▶ **ABOUT THIS EXERCISE**: The data below should be restated word for word, with every picture omitted.

▶ **INPUT DATA**:
++++
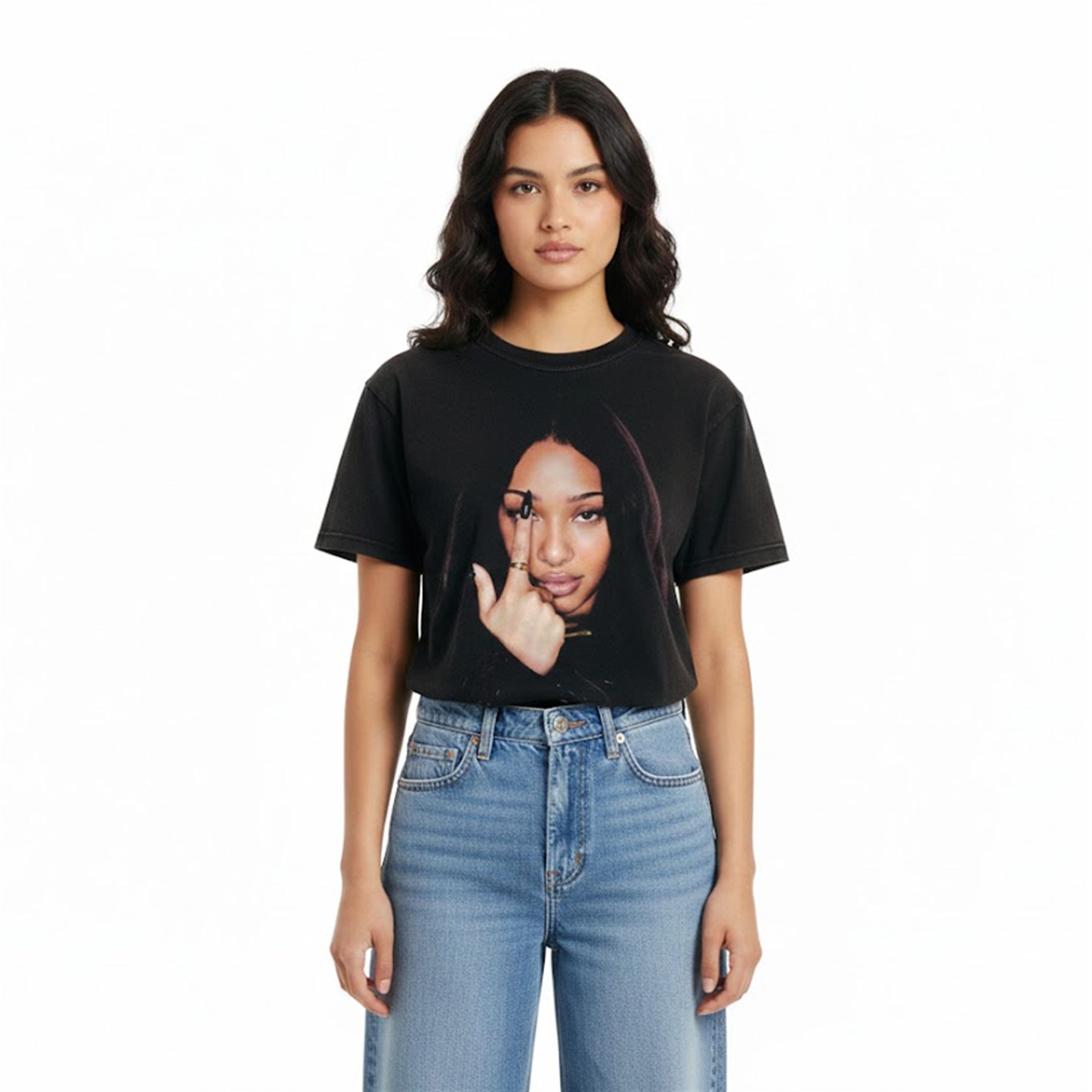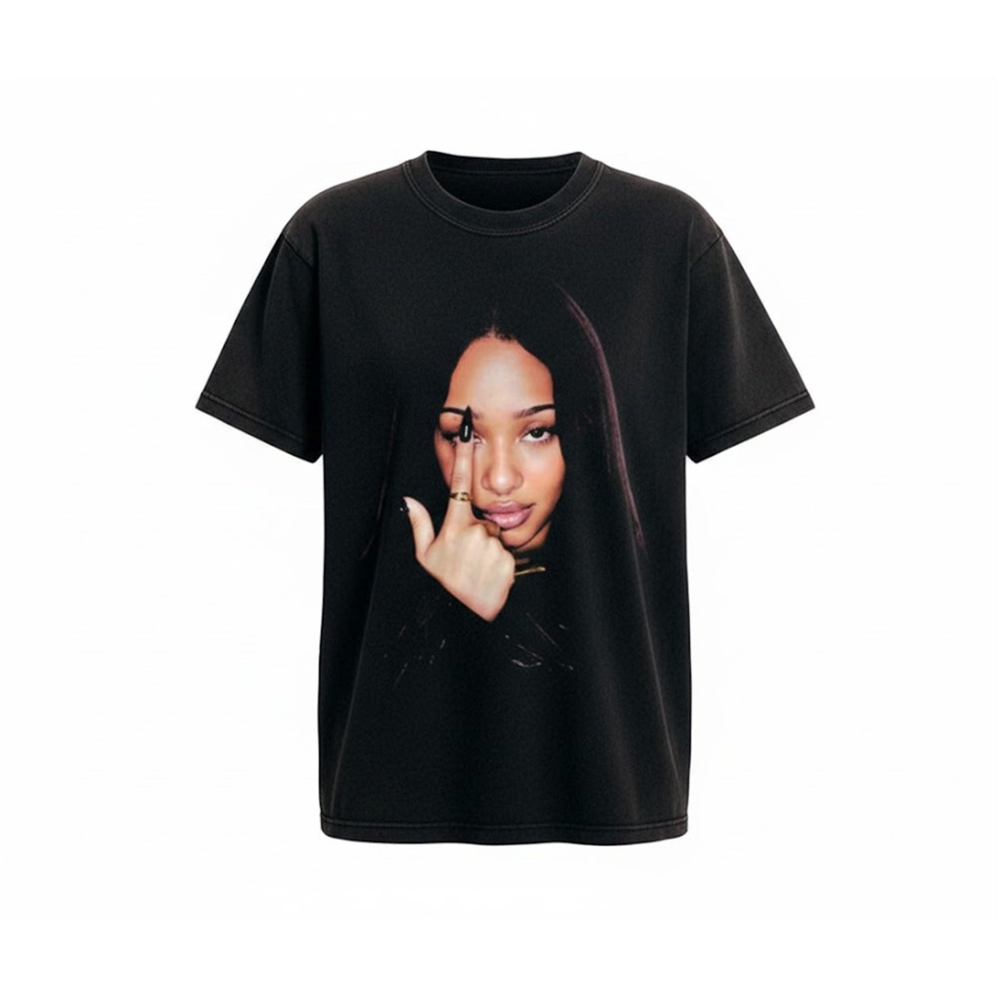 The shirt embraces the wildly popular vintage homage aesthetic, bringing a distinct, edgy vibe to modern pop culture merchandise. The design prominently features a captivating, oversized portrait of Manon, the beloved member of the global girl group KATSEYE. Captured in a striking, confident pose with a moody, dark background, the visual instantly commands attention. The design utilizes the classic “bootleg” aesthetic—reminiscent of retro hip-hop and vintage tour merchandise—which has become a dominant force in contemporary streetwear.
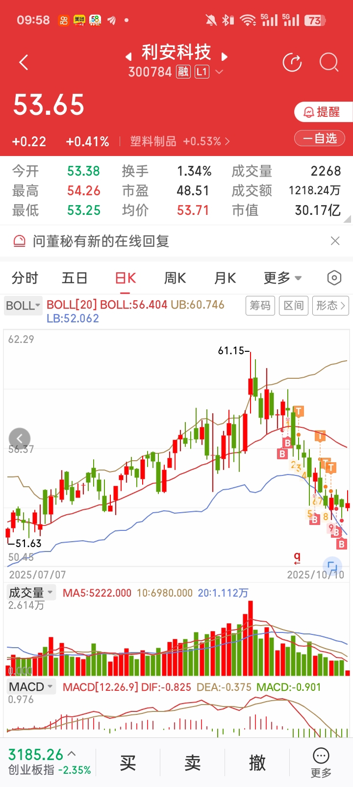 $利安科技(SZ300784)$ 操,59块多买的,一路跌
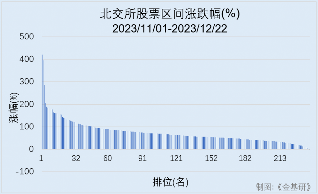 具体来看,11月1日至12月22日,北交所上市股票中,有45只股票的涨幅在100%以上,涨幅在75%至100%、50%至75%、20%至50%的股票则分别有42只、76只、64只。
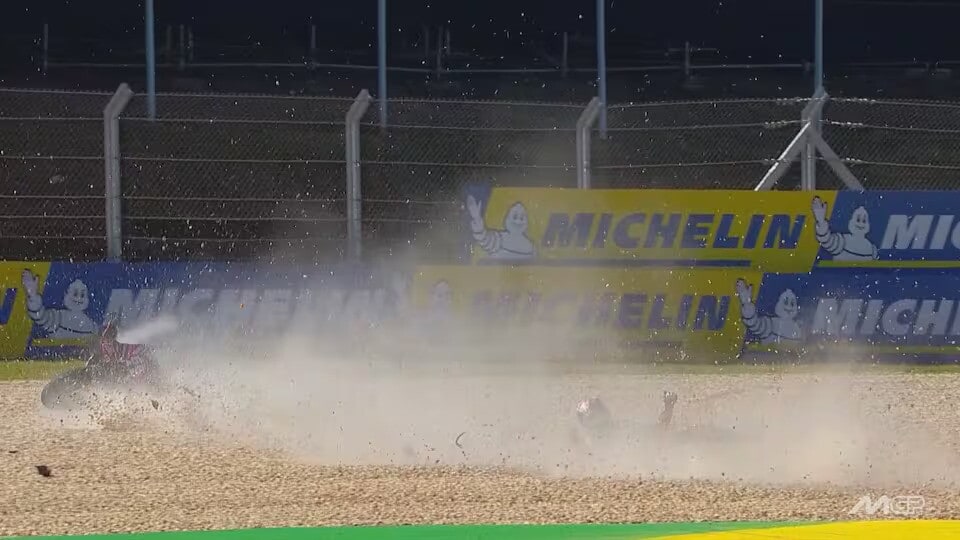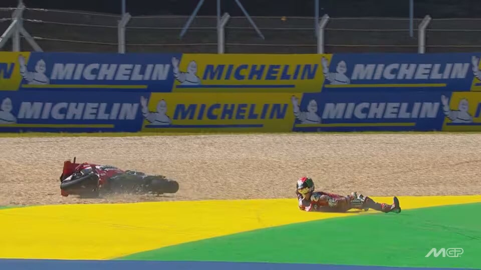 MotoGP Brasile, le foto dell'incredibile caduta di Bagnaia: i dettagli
++++
▶ **SOLUTION FOR THIS PROBLEM**:
 The shirt embraces the wildly popular vintage homage aesthetic, bringing a distinct, edgy vibe to modern pop culture merchandise. The design prominently features a captivating, oversized portrait of Manon, the beloved member of the global girl group KATSEYE. Captured in a striking, confident pose with a moody, dark background, the visual instantly commands attention. The design utilizes the classic “bootleg” aesthetic—reminiscent of retro hip-hop and vintage tour merchandise—which has become a dominant force in contemporary streetwear.
 $利安科技(SZ300784)$ 操,59块多买的,一路跌
 具体来看,11月1日至12月22日,北交所上市股票中,有45只股票的涨幅在100%以上,涨幅在75%至100%、50%至75%、20%至50%的股票则分别有42只、76只、64只。
 MotoGP Brasile, le foto dell'incredibile caduta di Bagnaia: i dettagli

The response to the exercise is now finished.